[Task goal]
Transcribe exactly the stretch of lines beginning at the one containing "- Όσο για όσους" and closing with the last line of the entries below. Omit images.
• • • • •
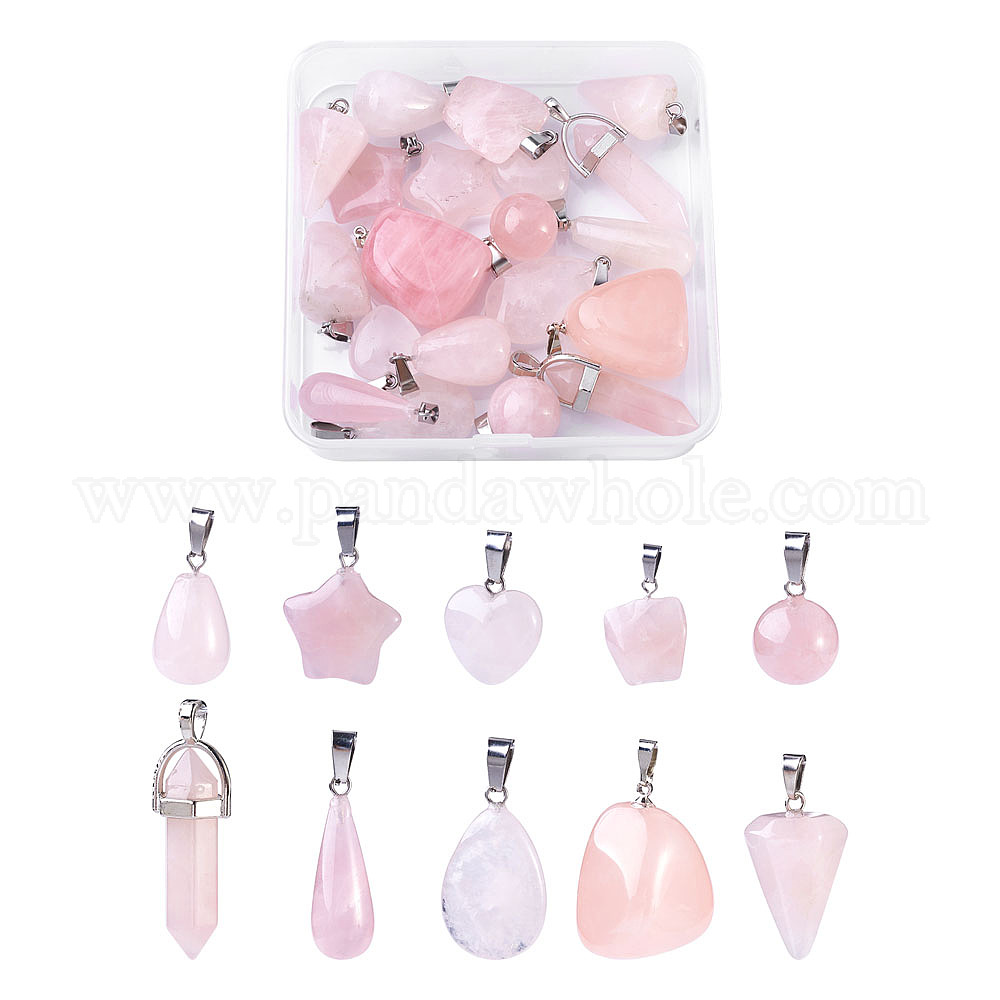 Природного розового кварца подвески, с латунной фурнитурой платинового цвета, разнообразные
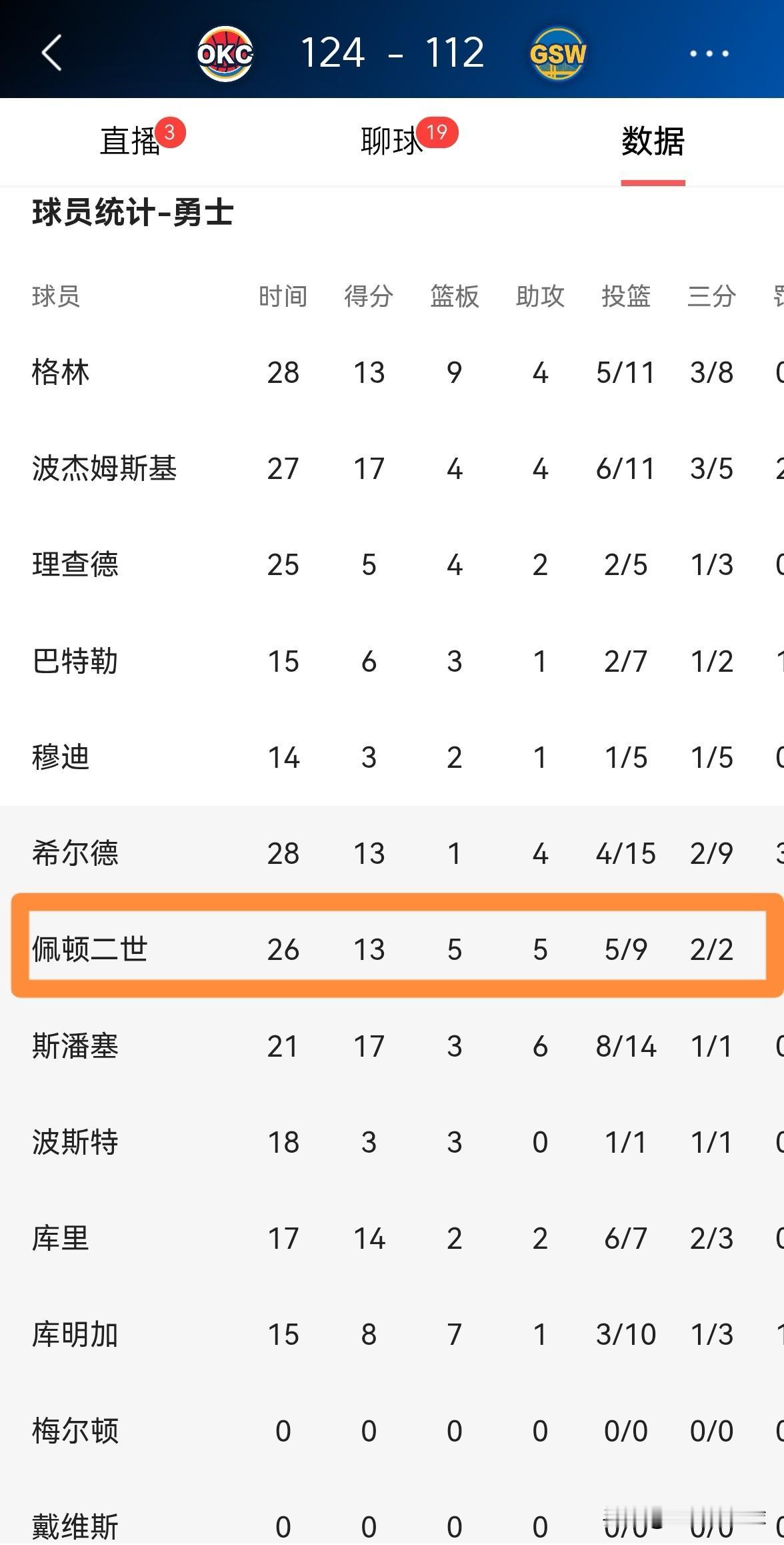 勇士大将小佩顿真是便宜又好用!尽管今天勇士在主场以112:124不敌雷霆,但是小佩顿却在攻防两端都打出了无可挑剔的表现。全场比赛下来,小佩顿替补出战26分钟,投篮9中5,其中三分球2中2得到13分5篮板5助攻。 毫不夸张的说,以小佩顿在本场比赛中的表现来看,他绝对配得上一份平均年薪为1500万美元的合同。
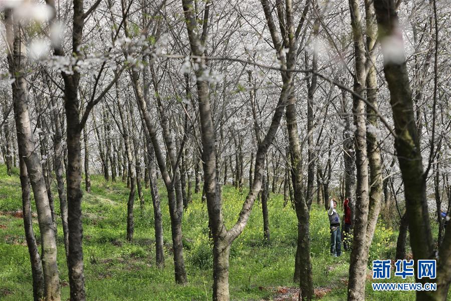 3月14日,游客在貴州省貴安新區櫻花園內賞花。 新華社記者 歐東衢 攝?
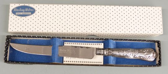Georg Jensen 1973 silver gilt spoon with enamel decoration of a flower, in original box with paperwork, together with a silver-handled cake knife and a hallmarked silver teaspoon
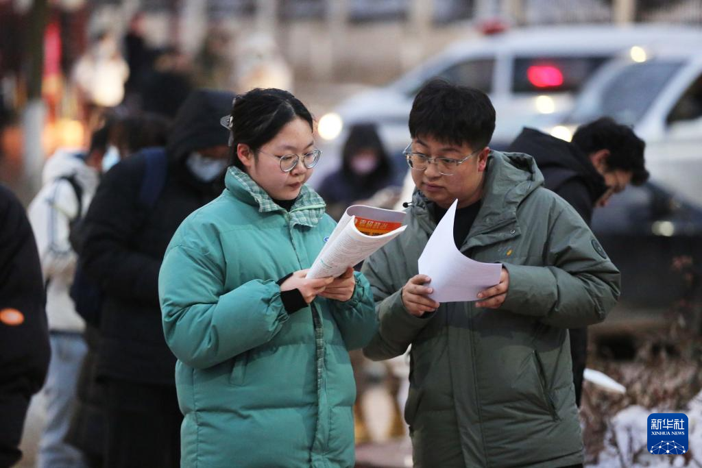 12月21日,在山东省枣庄市实验学校考点,考生在入场前抓紧时间复习。
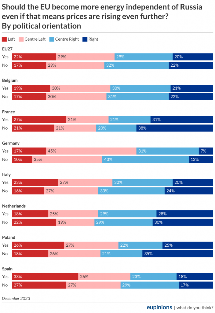 - Όσο για όσους αντιτίθενται στην ενεργειακή ανεξαρτησία σε βάρος της αύξησης των τιμών, η τάση είναι συνεπής. Σε ολόκληρη την ΕΕ και στα περισσότερα κράτη μέλη, η πλειονότητα αυτής της ομάδας προσδιορίζεται ως δεξιά.
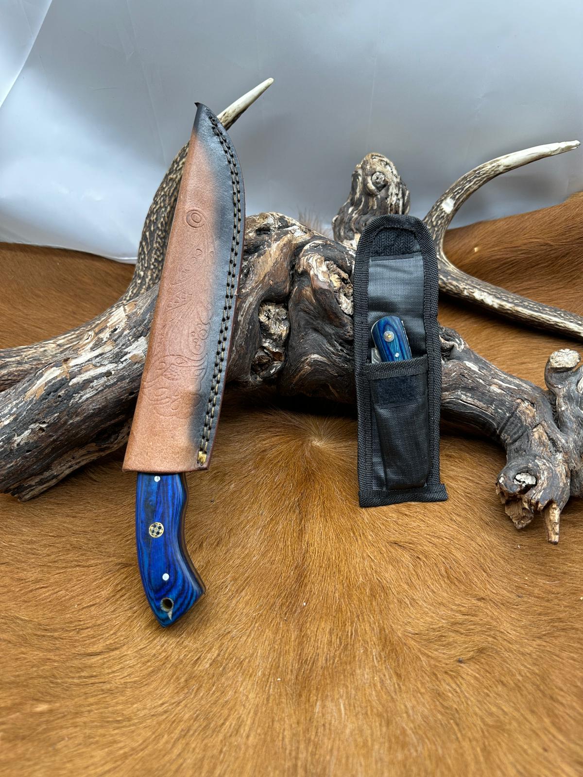 Étui : livré avec un étui en cuir épais, cousu et embossé, parfaitement ajusté à la lame. Il permet un port sécurisé à la ceinture et protège efficacement le couteau.
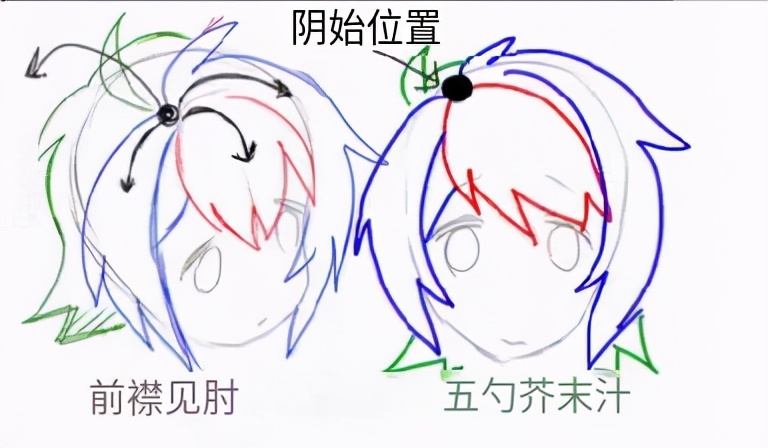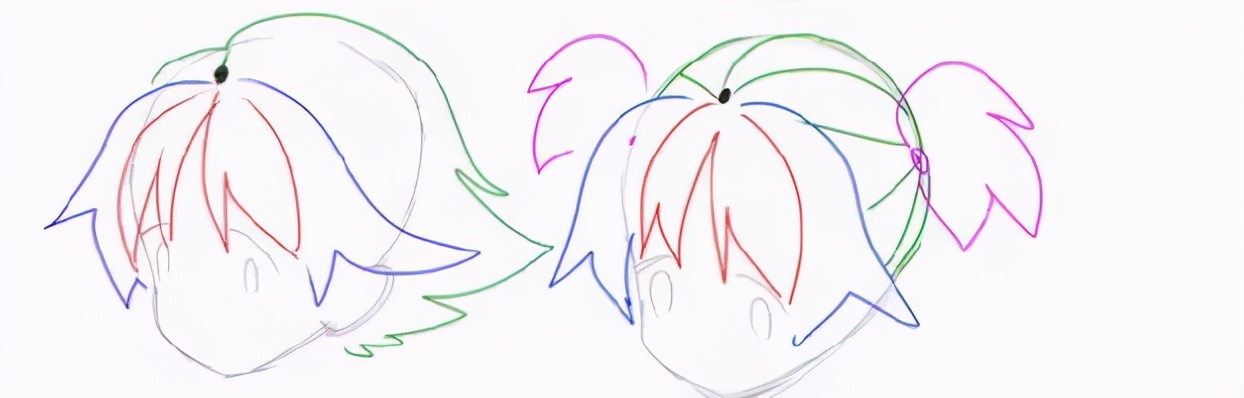 如果是系头发的发型,从结开始重新设置开始位置,只改变因系了而受到影响的头发的流向吧。别忘了按照头的形状画哦。
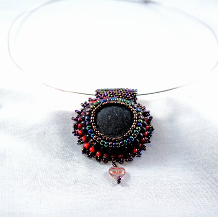 The pendant hangs by a broad loop of bead weaving from a sterling silver torc.
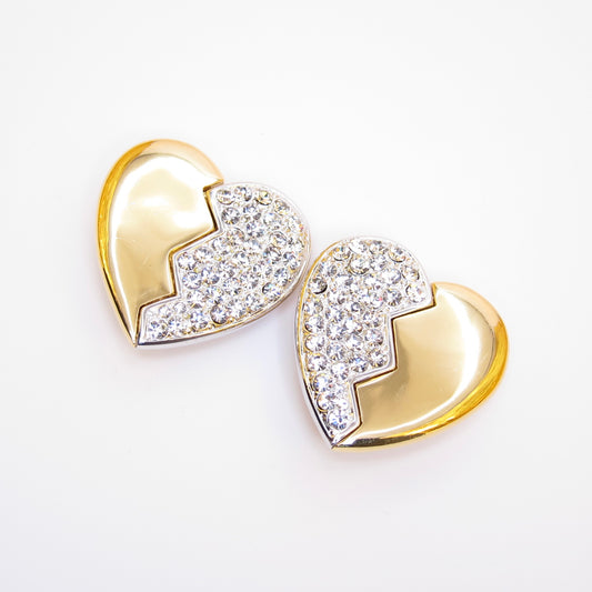 Yves Saint Laurent Vintage Heart Motif Rhinestone and Golden Clip-on Earrings
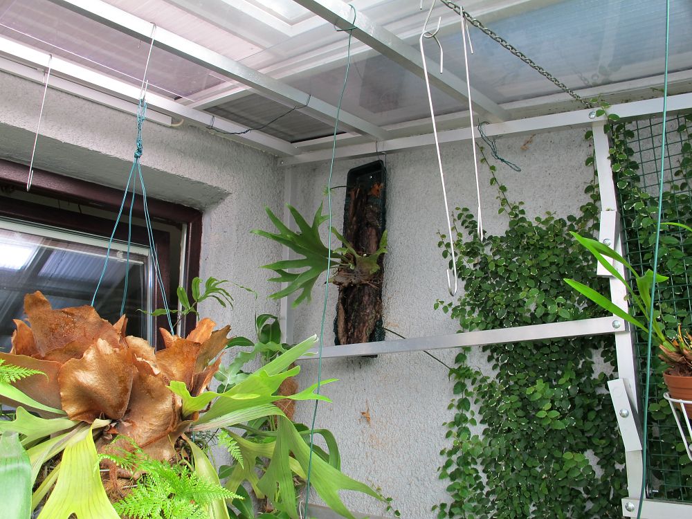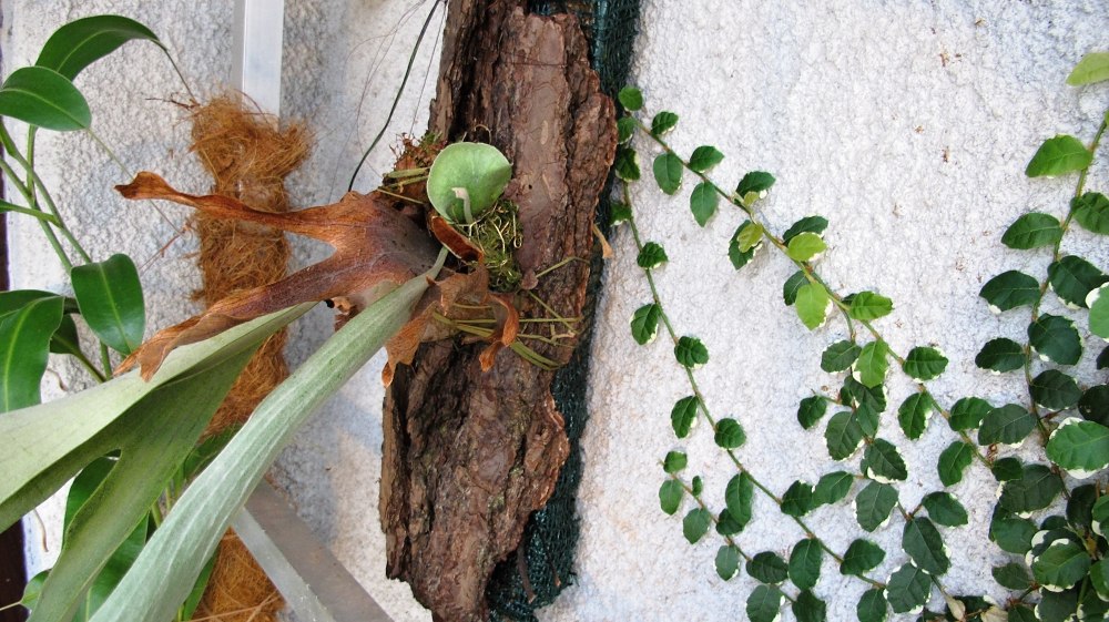 Tak Paphio už je tam .Je to ta vaše parožnatka která byla u Cymbidiella pardalina.Je tam nízký tácek + trocha substrát zajištěn aby nevypadával+ kapradina má rhizom který se mě plazí v zz bez substrátu a roste dobře.Tak třeba tam na tý stěně zdivočí a to bych chtěla.Parožnatka zatím neprotestuje.
• • • • •
[Task response]
 - Όσο για όσους αντιτίθενται στην ενεργειακή ανεξαρτησία σε βάρος της αύξησης των τιμών, η τάση είναι συνεπής. Σε ολόκληρη την ΕΕ και στα περισσότερα κράτη μέλη, η πλειονότητα αυτής της ομάδας προσδιορίζεται ως δεξιά.
 Étui : livré avec un étui en cuir épais, cousu et embossé, parfaitement ajusté à la lame. Il permet un port sécurisé à la ceinture et protège efficacement le couteau.
 如果是系头发的发型,从结开始重新设置开始位置,只改变因系了而受到影响的头发的流向吧。别忘了按照头的形状画哦。
 The pendant hangs by a broad loop of bead weaving from a sterling silver torc.
 Yves Saint Laurent Vintage Heart Motif Rhinestone and Golden Clip-on Earrings
 Tak Paphio už je tam .Je to ta vaše parožnatka která byla u Cymbidiella pardalina.Je tam nízký tácek + trocha substrát zajištěn aby nevypadával+ kapradina má rhizom který se mě plazí v zz bez substrátu a roste dobře.Tak třeba tam na tý stěně zdivočí a to bych chtěla.Parožnatka zatím neprotestuje.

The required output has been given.